• Directions: Leave every picture out. Set down all the lines below exactly.

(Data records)

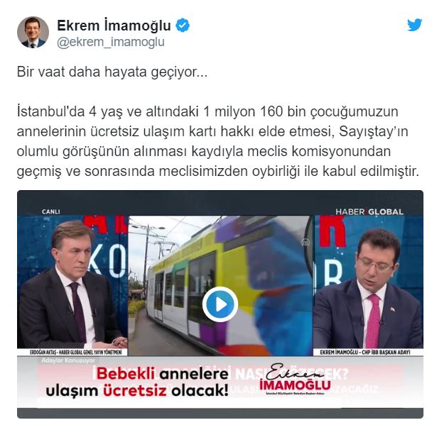 "Bir vaat daha hayata geçiyor... İstanbul'da 4 yaş ve altındaki 1 milyon 160 bin çocuğumuzun annelerinin ücretsiz ulaşım kartı hakkı elde etmesi, Sayıştay'ın olumlu görüşünün alınması kaydıyla meclis komisyonundan geçmiş ve sonrasında meclisimizden oybirliği ile kabul edilmiştir."
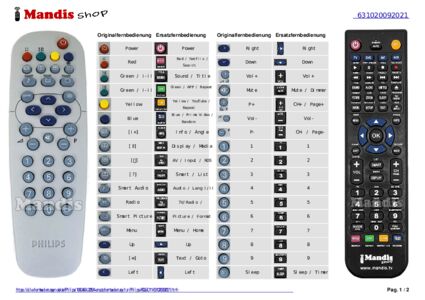 Ein Dokument ist enthalten, um die Verwendung der neuen Fernbedienung zu erleichtern, indem es die Tastenbelegung zeigt.
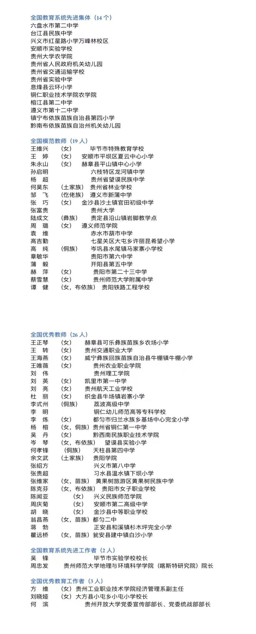 9月8日,慶祝第40個教師節暨全國教育系統先進集體和先進個人表彰活動在北京舉行。貴州14個集體被評為“全國教育系統先進集體”,19人被評為“全國模范教師”,26人被評為“全國優秀教師”,2人被評為“全國教育系統先進工作者”,3人被評為“全國優秀教育工作者”。
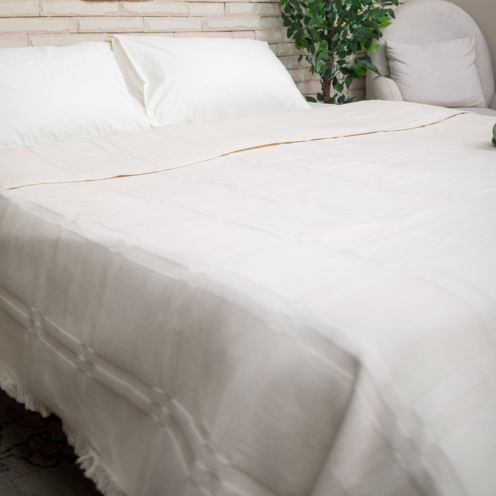صُنعت كوفرتة منسوج على الأنوال الخشبية بتقنيات متوارثة عبر العصور و بأنامل تنقل الدفء والحب و تمزجه،
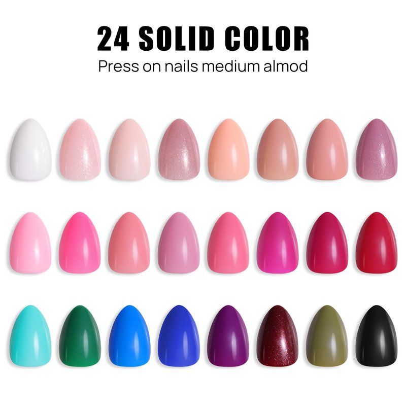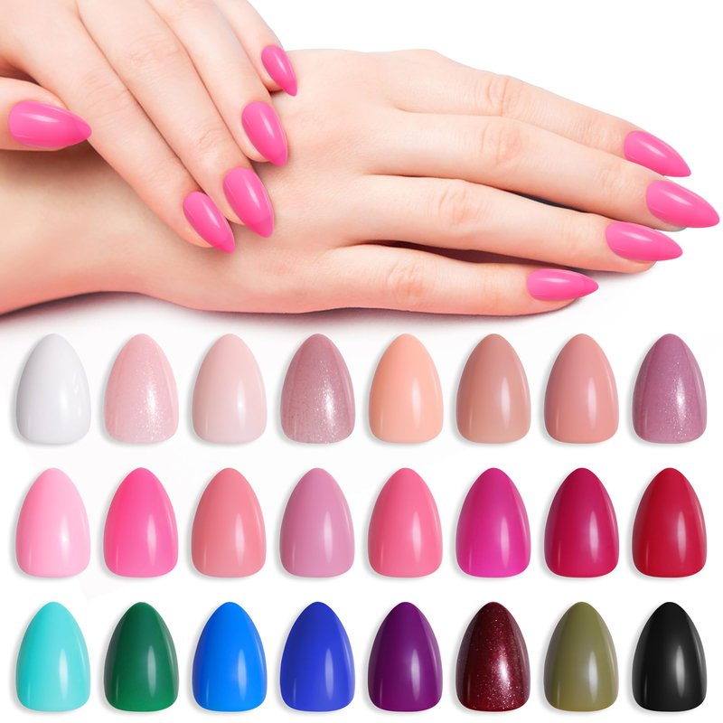 Short Almond Press On Nails - 576 Pcs Fake Nails with Nail Glue,Soft Gel Full Cover Acrylic False Nail Art,24 Color Stick On Nails With Four (6g) Nail Glue for Nail DIY

• Output below:
 "Bir vaat daha hayata geçiyor... İstanbul'da 4 yaş ve altındaki 1 milyon 160 bin çocuğumuzun annelerinin ücretsiz ulaşım kartı hakkı elde etmesi, Sayıştay'ın olumlu görüşünün alınması kaydıyla meclis komisyonundan geçmiş ve sonrasında meclisimizden oybirliği ile kabul edilmiştir."
 Ein Dokument ist enthalten, um die Verwendung der neuen Fernbedienung zu erleichtern, indem es die Tastenbelegung zeigt.
 9月8日,慶祝第40個教師節暨全國教育系統先進集體和先進個人表彰活動在北京舉行。貴州14個集體被評為“全國教育系統先進集體”,19人被評為“全國模范教師”,26人被評為“全國優秀教師”,2人被評為“全國教育系統先進工作者”,3人被評為“全國優秀教育工作者”。
صُنعت كوفرتة منسوج على الأنوال الخشبية بتقنيات متوارثة عبر العصور و بأنامل تنقل الدفء والحب و تمزجه،
 Short Almond Press On Nails - 576 Pcs Fake Nails with Nail Glue,Soft Gel Full Cover Acrylic False Nail Art,24 Color Stick On Nails With Four (6g) Nail Glue for Nail DIY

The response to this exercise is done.